PZY | 漏桶限流器原理及算法实现

29Sep 2022

漏桶限流器原理及算法实现

1970 words - 10 mins

对于大规模的分布式系统，面对不断波动的网络流量，有可能因瞬时巨额流量导致系统挂掉或雪崩。为保证分布式系统高可用，限流是一项必备手段。通常限流方式有限制总并发数、限制瞬时并发数和限制时间窗口内的平均速率等等。限流是依靠限流算法来实现，主要有固定时间窗口、滑动时间窗口、漏桶算法和令牌桶算法 4 种限流算法。本文只讨论漏桶算法原理及实现。

漏桶限流原理

假设有这样一只水桶，以固定的速度向外流出水的同时，接受外部不定速度的水流入，当水流入速度过大，桶中的水超出水桶容量时，多余的水直接溢出桶外。如下图所示（图片摘自网络）。

漏桶限流图示

上述模型对应到分布式系统，水流相当于网络请求，水桶相当于服务器。网络请求到达服务器后，先将请求进行排队（流入水桶），然后以固定的速率处理请求（流出水桶）。同时，服务器能承受排队中的请求数也有最大容量，当因网络请求量过大，排队中的请求数超出最大容量时，后续到达服务器的网络请求不再处理，直接丢弃（溢出）。

漏桶限流算法可以粗略的认为就是注水漏水过程，往桶中以一定速率流出水，以任意速率流入水，当剩余水量超过桶容量则丢弃，因为桶容量是不变的，保证了整体的速率。所以漏桶算法天生不会出现临界问题。

漏桶算法实现

漏桶限流算法有很多种实现，本文基于计数原理来实现。

计数原理就是当请求到达时，基于当前时间和固定的处理速率来计算该请求应该等待多长时间（假设为 t）才能被处理，当 t 大于该请求可等待的最大时长，则直接将该请求丢弃。

现在基于计数原理进行算法建模，该模型主要有 3 个变量：

1、请求处理速率，即水桶漏出速率 leakRate，该值代表间隔多久时间处理一个请求（注意不是处理请求的时间）。比如模型初始化时设定leakRate = 100ms，意味着处理 1 个请求后，需要等待 100ms 才能处理下一个请求。

2、桶最大容量，即 bucketCapacity，代表最多允许多少个请求排队，超过该值就直接返回，不用等待了。实际应用中，可以通过请求可等待的最大时长与请求处理速率估算出该值。

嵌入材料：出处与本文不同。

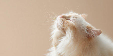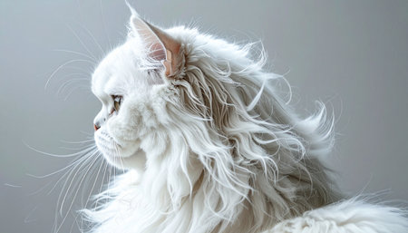 A stunning portrait of a majestic long-haired cat, captured in a serene profile view. Its luxurious, wavy white fur catches the soft light, highlighting its elegant and pensive expression against a simple, clean background. This image evokes a sense of calm, grace, and quiet beauty.
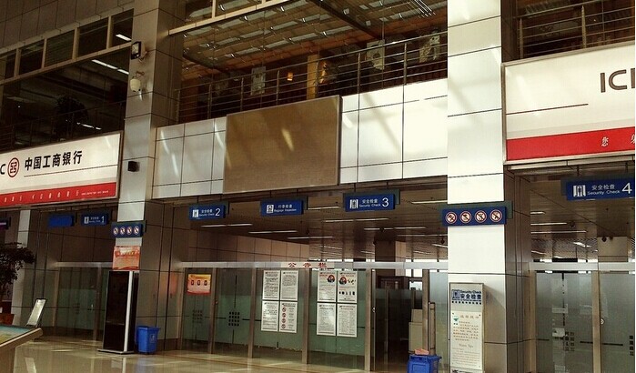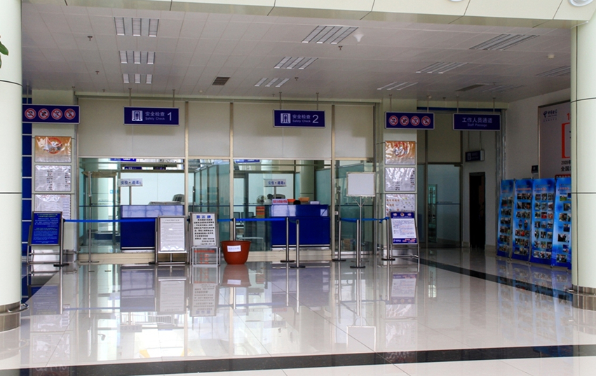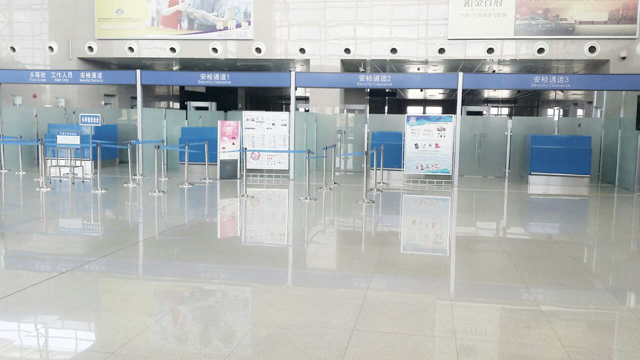 国内航班安检位于国内出发厅6号门正对面。

3、最近一个入桶的请求处理时间，设为lastTimestamp。这里的时间是指最近一个进入桶排队的请求被处理的时间点，该请求可能已被处理，也可能未被处理，但不是指请求处理时长。该值有两个作用：

计算下一个请求（将）被处理的时间点；
结合当前时间和请求处理速率，估算当前还有多少个请求等待被处理;

那么，计数原理是如何实现漏桶限流呢？

假设有一个空的漏桶，容量大小为 bucketCapacity=5，以 leakRate=100ms 的速率漏出（处理）请求。现在同时有 5 个请求流入桶中，我们通过计数原理，来计算每个请求预处理时间以及等待时间：

第 1 个请求，不用等待，直接被处理。处理时间就是当前时间（nowTime），有lastTimestamp=nowTime；
第 2 个请求，因第 1 个请求已排队并被处理，那么需要按处理速率（leakRate）等待 100ms，即预处理时间就是第 1 个请求被处理时间 + leakRate ，即 lastTimestamp=nowTime + 100ms；
第 3 个请求，因第 2 个请求仍在排队，所以应在第 2 个请求被处理后，再等待 100ms 才能被处理，相对于当前时间等待 200ms，即预处理时间就是lastTimestamp=nowTime + 200ms；

后续的第 4、5 个请求依次类推，可得出如下图示请求时间轴：

漏桶限流请求时间轴图示

以上情况是假设在空桶的状态下，同时流入了 5 个请求，从第 2 个请求开始，预处理时间都在前一个请求被处理时间上 + leakRate。但如果第 6 个请求是在第 5 个请求进入 50ms 后才进入，那么该请求的预处理时间如何计算？应先计算当前时间距离上次被处理时间的间隔（delta），然后再跟leakRate进行比较，得到差值，最后补全该差值。

以下为每次请求进入后，计算请求（预）处理时间的算法实现：

/// <summary>
/// Evaluation (current request) execution time
/// </summary>
/// <param name="nowTimestamp">current time</param>
/// <param name="lastTimestamp">last exection time</param>
long EvaluateExectionTimestamp(long nowTimestamp, long lastTimestamp)
{
    if (nowTimestamp < lastTimestamp)
    {
        // It means that there are already requests in the queue,
        // so the time for new requests to be processed after they come in and queue up is after the _leakRate
        lastTimestamp += _leakRate;
    }
    else
    {
        // Indicates that the bucket is empty, maybe the initial state, or maybe all requests have been processed.
        //How long to wait for the time to wait for the request to be processed
        long offset = 0;

        //Represents how long the current time has passed since the last time the request was processed
        long delta = nowTimestamp - lastTimestamp;

        if (delta < _leakRate)
        {
            //Indicates that it is not yet time to process the next request, you need to wait for the offset
            offset = _leakRate - delta;
        }
        //If delta >= _leakRate, indicates that the current time has exceeded the _leakRate time since the last time the request was processed,
        //the offset should be 0, and the new request should be processed immediately.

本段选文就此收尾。